## Recorded information
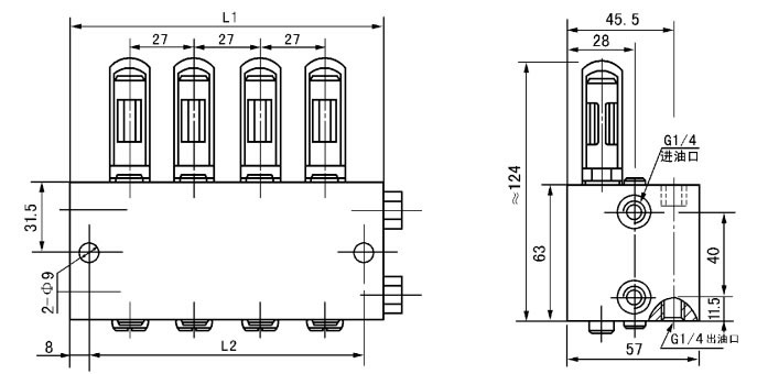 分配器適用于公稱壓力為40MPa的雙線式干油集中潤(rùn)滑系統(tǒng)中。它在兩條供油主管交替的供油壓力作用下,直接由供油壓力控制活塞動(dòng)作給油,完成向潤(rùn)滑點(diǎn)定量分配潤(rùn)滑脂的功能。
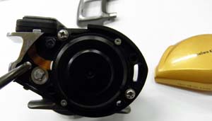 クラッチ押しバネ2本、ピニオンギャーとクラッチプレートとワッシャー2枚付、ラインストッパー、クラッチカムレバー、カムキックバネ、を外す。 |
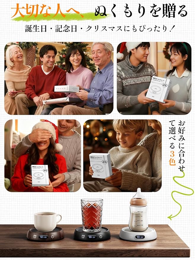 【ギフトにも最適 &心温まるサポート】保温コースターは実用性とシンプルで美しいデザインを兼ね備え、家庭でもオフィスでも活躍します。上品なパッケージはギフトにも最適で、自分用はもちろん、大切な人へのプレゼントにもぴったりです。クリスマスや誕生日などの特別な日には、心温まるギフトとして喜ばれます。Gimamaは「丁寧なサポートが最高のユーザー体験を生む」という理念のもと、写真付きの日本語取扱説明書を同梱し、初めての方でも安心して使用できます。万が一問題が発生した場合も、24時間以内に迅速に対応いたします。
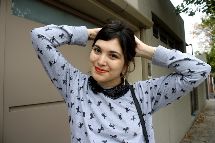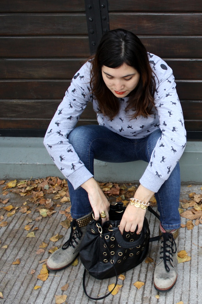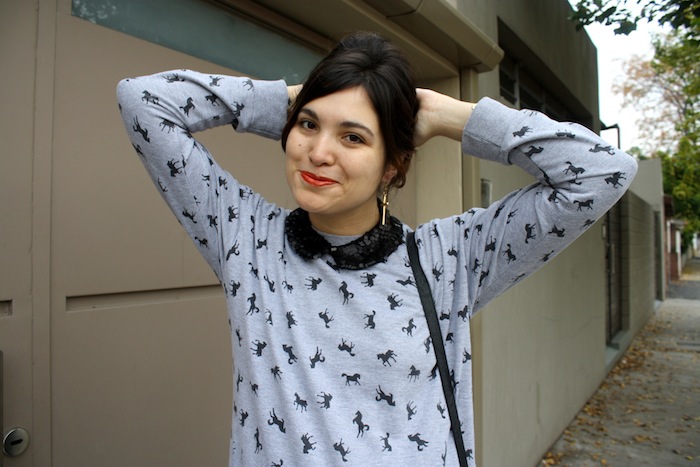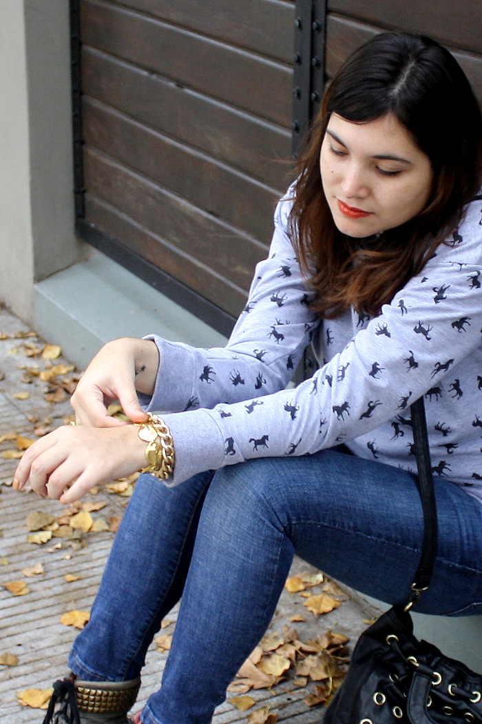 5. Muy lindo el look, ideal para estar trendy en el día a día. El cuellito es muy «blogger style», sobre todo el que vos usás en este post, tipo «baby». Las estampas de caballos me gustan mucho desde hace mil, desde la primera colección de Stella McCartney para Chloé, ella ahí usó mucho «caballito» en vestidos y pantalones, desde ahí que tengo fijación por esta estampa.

## What you will do
Write the data above out again exactly, minus its pictures.

## The answer
 分配器適用于公稱壓力為40MPa的雙線式干油集中潤(rùn)滑系統(tǒng)中。它在兩條供油主管交替的供油壓力作用下,直接由供油壓力控制活塞動(dòng)作給油,完成向潤(rùn)滑點(diǎn)定量分配潤(rùn)滑脂的功能。
 クラッチ押しバネ2本、ピニオンギャーとクラッチプレートとワッシャー2枚付、ラインストッパー、クラッチカムレバー、カムキックバネ、を外す。 |
 【ギフトにも最適 &心温まるサポート】保温コースターは実用性とシンプルで美しいデザインを兼ね備え、家庭でもオフィスでも活躍します。上品なパッケージはギフトにも最適で、自分用はもちろん、大切な人へのプレゼントにもぴったりです。クリスマスや誕生日などの特別な日には、心温まるギフトとして喜ばれます。Gimamaは「丁寧なサポートが最高のユーザー体験を生む」という理念のもと、写真付きの日本語取扱説明書を同梱し、初めての方でも安心して使用できます。万が一問題が発生した場合も、24時間以内に迅速に対応いたします。
 5. Muy lindo el look, ideal para estar trendy en el día a día. El cuellito es muy «blogger style», sobre todo el que vos usás en este post, tipo «baby». Las estampas de caballos me gustan mucho desde hace mil, desde la primera colección de Stella McCartney para Chloé, ella ahí usó mucho «caballito» en vestidos y pantalones, desde ahí que tengo fijación por esta estampa.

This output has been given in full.